Università, le tasse aumentano ancora
Da questo punto di vista i numeri sono significativi: in Italia uno studente universitario su tre resta indietro. Nel complesso quasi 600mila studenti non hanno completato il ciclo di studi nei tempi previsti dall’ordinamento universitario nell’a.a. 2010/2011, il 33,59% del milione e 782 mila di iscritti.
Il nuovo decreto prevederà che nel computo del 20% (ovvero quanto ottiene ogni ateneo dalle tasse universitarie) verranno escluse le quote delle tasse degli studenti fuori corso ed extracomunitari: in questo modo si otterrà inevitabilmente l’aumento delle tasse per queste categorie di studenti.

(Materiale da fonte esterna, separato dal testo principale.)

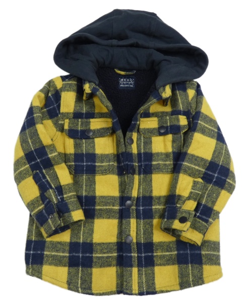 Žluto-tmavomodrá kostkovaná zateplená flaušová košilová bunda s kapucí Next
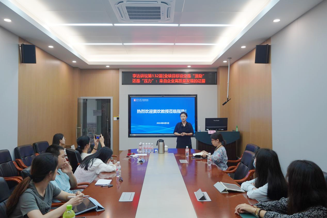 6月5日下午,暨南大学管理学院会计系副主任、博士生导师、全国会计高端人才窦欢教授受邀做客第132期“李达讲坛”,以“业绩目标设定是‘激励’还是‘压力’:来自企业高质量发展的证据”为题在学院234研讨室为万象城官网师生作学术报告。万象城官网相关研究方向的教师和研究生参加学习交流。

Stando alle parole del Ministro, questo non vuole essere una punizione, anzi “un modo per incitare i ragazzi a fare meglio e prima”. “In alternativa – ha suggerito – si può adottare la modalità dello studente part time, una formula applicata da alcuni anni per gli studenti lavoratori che permette di creare un personale piano di studi in base alle proprie esigenze di tempo e impiego, senza risultare fuori corso”. Il problema è che questa modalità, oltre a non essere applicata da tutti gli atenei italiani, è irreversibile. Una volta che ci si iscrive secondo la modalità part time, infatti, bisogna attenersi al piano di studi concordato, anche se eventualmente lo studente dovesse trovarsi in uno stato di prolungata disoccupazione. Inoltre, il non rispetto dei tempi concordati provoca un pagamento delle tasse maggiorate del 50%.
Insomma, punire i bamboccioni o stimolare la competitività? Il dibattito inizia a infiammare i blog di studenti e ricercatori e tutto lascia presagire un autunno molto caldo (anche) su questo fronte. Intanto sono emersi i dati di un’indagine realizzata da Eurostudent, relativi al 2011. Prendendo un campione di 4.500 ragazzi iscritti alle università (statali e non), le percentuali di studenti lavoratori sono molto alte: il 39% dei giovani iscritti ad un corso triennale lavora, molti di più quelli iscritti ad una laurea magistrale, dove circa il 45.4% alterna lo studio al lavoro, specie tra gli studenti di “di origine sociale non privilegiata”(41,7%) ma anche fra i ragazzi con genitori laureati o benestanti(29,8%).
Poi c’è il discorso sulla necessità di preservare gli investimenti nel mondo dell’ istruzione (soprattutto per la formazione avanzata) e ricerca. A quanto emerge dalle norme contenute nel decreto legge 95/2012, si apprende che il taglio di 200 milioni al fondo di finanziamento ordinario (Ffo) non è stato confermato, ma il contenimento della spesa è perseguito attraverso una riduzione del turn-over, prevedendo che solo una parte delle risorse liberate dai pensionamenti possa essere riutilizzato per nuove assunzioni. Il decreto stanzia poi nuove risorse per il finanziamento di borse di studio, circa 90 milioni per il 2012, che tuttavia sono appena sufficienti a riportare l’entità del fondo ai suoi livelli precedenti.